Top of GIVEN RECORDS

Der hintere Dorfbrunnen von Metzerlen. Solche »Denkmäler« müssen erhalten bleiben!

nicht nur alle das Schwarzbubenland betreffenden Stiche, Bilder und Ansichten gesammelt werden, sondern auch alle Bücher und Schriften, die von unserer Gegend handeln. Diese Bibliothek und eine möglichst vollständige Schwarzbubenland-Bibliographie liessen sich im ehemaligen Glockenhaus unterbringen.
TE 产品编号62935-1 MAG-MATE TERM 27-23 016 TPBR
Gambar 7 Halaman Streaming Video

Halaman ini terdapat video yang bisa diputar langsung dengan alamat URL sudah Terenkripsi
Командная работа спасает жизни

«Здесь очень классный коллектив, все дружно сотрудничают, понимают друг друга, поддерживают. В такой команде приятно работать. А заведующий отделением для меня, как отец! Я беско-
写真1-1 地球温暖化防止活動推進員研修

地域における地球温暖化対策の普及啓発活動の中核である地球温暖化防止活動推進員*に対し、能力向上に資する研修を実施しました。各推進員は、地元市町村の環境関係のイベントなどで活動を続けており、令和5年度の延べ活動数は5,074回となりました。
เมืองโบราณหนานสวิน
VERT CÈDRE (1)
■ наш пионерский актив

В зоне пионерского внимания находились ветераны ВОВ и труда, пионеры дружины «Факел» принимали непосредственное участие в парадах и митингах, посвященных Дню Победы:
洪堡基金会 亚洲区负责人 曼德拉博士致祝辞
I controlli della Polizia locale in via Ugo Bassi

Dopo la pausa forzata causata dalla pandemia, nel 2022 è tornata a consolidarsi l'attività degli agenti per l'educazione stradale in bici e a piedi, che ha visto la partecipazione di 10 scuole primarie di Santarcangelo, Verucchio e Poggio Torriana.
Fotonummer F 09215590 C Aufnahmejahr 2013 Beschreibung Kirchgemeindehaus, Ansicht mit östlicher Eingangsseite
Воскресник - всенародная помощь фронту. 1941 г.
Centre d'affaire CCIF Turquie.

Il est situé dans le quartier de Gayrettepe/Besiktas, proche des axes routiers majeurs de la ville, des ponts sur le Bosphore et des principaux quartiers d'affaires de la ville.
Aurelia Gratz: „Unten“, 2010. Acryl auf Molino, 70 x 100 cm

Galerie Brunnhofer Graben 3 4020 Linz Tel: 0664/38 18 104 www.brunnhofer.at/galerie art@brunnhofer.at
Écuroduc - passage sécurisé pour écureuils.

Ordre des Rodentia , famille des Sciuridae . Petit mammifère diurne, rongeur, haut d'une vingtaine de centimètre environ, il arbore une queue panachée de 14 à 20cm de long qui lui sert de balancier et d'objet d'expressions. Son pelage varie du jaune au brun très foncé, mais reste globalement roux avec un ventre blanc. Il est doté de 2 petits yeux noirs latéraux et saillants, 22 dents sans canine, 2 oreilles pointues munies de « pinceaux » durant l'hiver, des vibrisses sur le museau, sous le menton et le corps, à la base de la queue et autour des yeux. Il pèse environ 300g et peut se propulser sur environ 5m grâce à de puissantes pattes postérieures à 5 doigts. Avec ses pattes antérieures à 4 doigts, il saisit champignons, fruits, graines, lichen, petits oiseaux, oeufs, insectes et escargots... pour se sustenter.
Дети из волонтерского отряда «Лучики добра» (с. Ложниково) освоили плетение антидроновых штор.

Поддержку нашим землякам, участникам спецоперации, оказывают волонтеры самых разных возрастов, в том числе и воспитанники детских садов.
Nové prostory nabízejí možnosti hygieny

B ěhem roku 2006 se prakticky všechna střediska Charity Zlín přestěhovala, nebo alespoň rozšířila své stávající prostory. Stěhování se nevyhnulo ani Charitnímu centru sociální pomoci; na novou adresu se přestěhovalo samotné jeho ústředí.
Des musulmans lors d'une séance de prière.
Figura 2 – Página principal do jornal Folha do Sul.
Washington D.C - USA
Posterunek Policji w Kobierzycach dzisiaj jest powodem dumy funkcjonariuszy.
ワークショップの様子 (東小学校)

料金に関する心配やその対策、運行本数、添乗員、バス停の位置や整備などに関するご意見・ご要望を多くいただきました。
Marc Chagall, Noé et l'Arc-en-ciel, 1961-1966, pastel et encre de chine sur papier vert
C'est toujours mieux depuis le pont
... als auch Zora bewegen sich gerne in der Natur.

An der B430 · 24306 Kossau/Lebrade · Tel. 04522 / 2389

Bottom of GIVEN RECORDS

WORK INSTRUCTION —
Read through the data above. Report each line that has the word "Halaman".

ANSWER SPACE —
Gambar 7 Halaman Streaming Video
Halaman ini terdapat video yang bisa diputar langsung dengan alamat URL sudah Terenkripsi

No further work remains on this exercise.